2012 Peter McGregor Lecture to Be Delivered February 9

Posted: 2012-02-03

Journalist Kathy Dobson to speak about “Poverty and Transformative Social Change”

(SAULT STE. MARIE, ON - February 3, 2012): The Department of Community Development and Social Work of Algoma University, in partnership with Algoma Family Services, invites everyone to attend the 2012 Peter McGregor Lecture on Thursday, February 9 at 7:00 pm. The lecture will be delivered in the Shingwauk Auditorium at Algoma University.

Kathy Dobson

Kathy Dobson

Kathy Dobson is a journalist whose work has appeared in the Globe and Mail, National Post, Ottawa Citizen, Montreal Gazette, and more. She has produced several short documentaries for CBC Radio, including one with hockey legend Bobby Orr. She lives in Waterloo, Ontario.

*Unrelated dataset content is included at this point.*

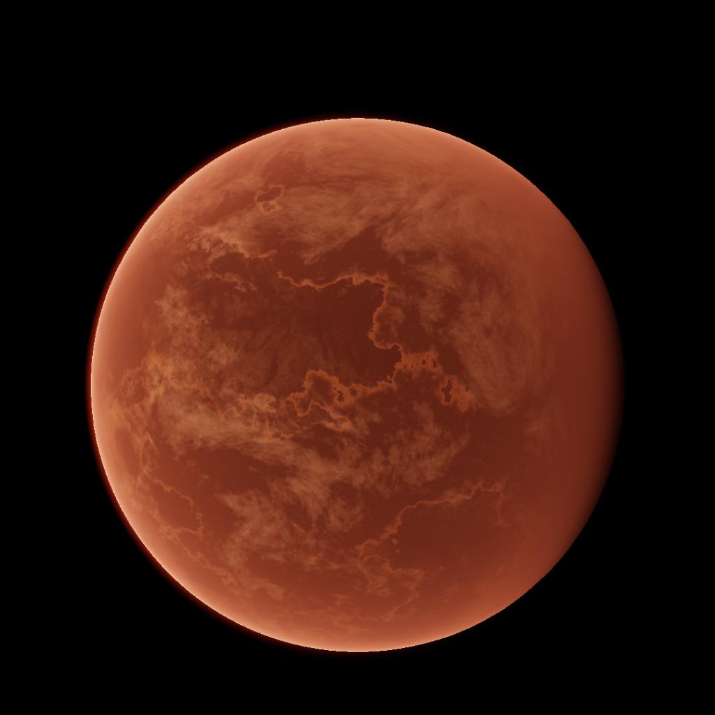 its surface is a tectonic graveyard. long ago, Rhein used to have liquid oceans an active core. it had continents and tectonic plates. but as time passed, the temperatures rose, and the planet slowly boiled every last shred of life off of its surface. now it remains as a dead husk of its former self, dominated by its neon-orange atmosphere and its charred terrain.
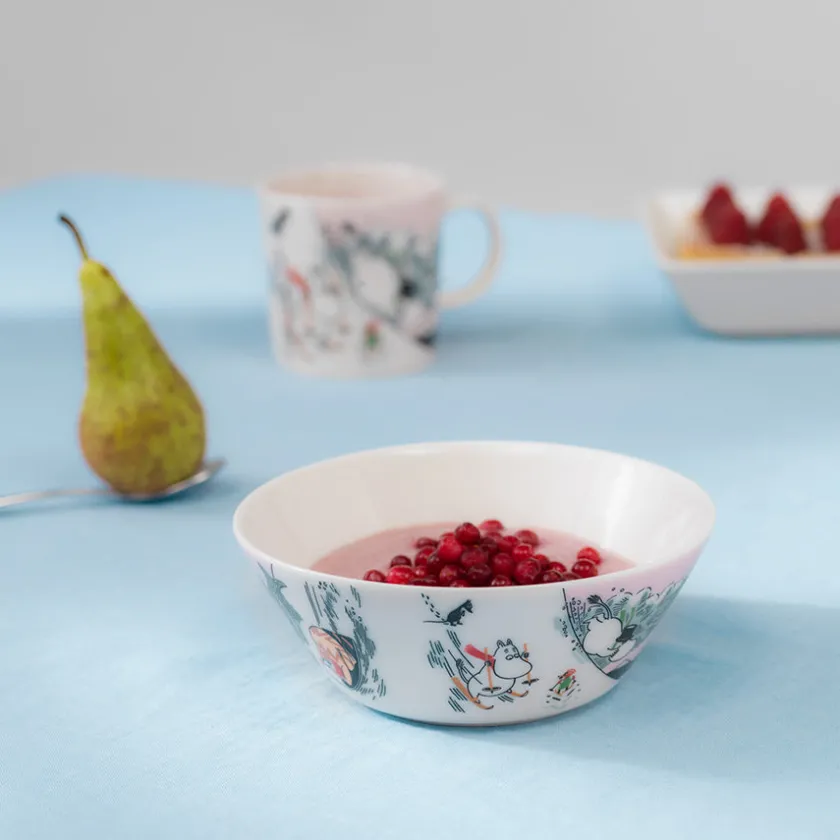 Mummi bolle fra Moomin Arabia og Aking, årets vinterkolleksjon for 2023. Årets vintermotiv følger historien fra vinterkolleksjonen for 2022, der den store vintersportsentusiasten Herr Brisk ankommer Mummidalen med sin solide vinnermentalitet. De har i år også hoppet over vinterdvalen, og Mummi er i full fart nedover på ski. Motivene er henter fra Tove Janssons opprinnelige tegneserie «Mummitrollets vintereventyr» fra 1955.

Dobson will be basing her lecture, “Poverty and Transformative Social Change”, on her recently released book With a Closed Fist: Growing up in Canada’s Toughest Neighbourhood. It is a gutsy, no-holds-barred, coming-of-age story about growing up in poverty in Montreal.

In the Point St. Charles of the author’s childhood people move for one of two reasons: their apartment is on fire, or the rent is due. Starting in 1968, eight-year-old Kathy Dobson shares her early years growing up in “the Point”, an industrial slum in Montreal. She offers a glimpse into life in extreme poverty, giving an insider’s view into a neighbourhood then described as the “toughest in Canada.”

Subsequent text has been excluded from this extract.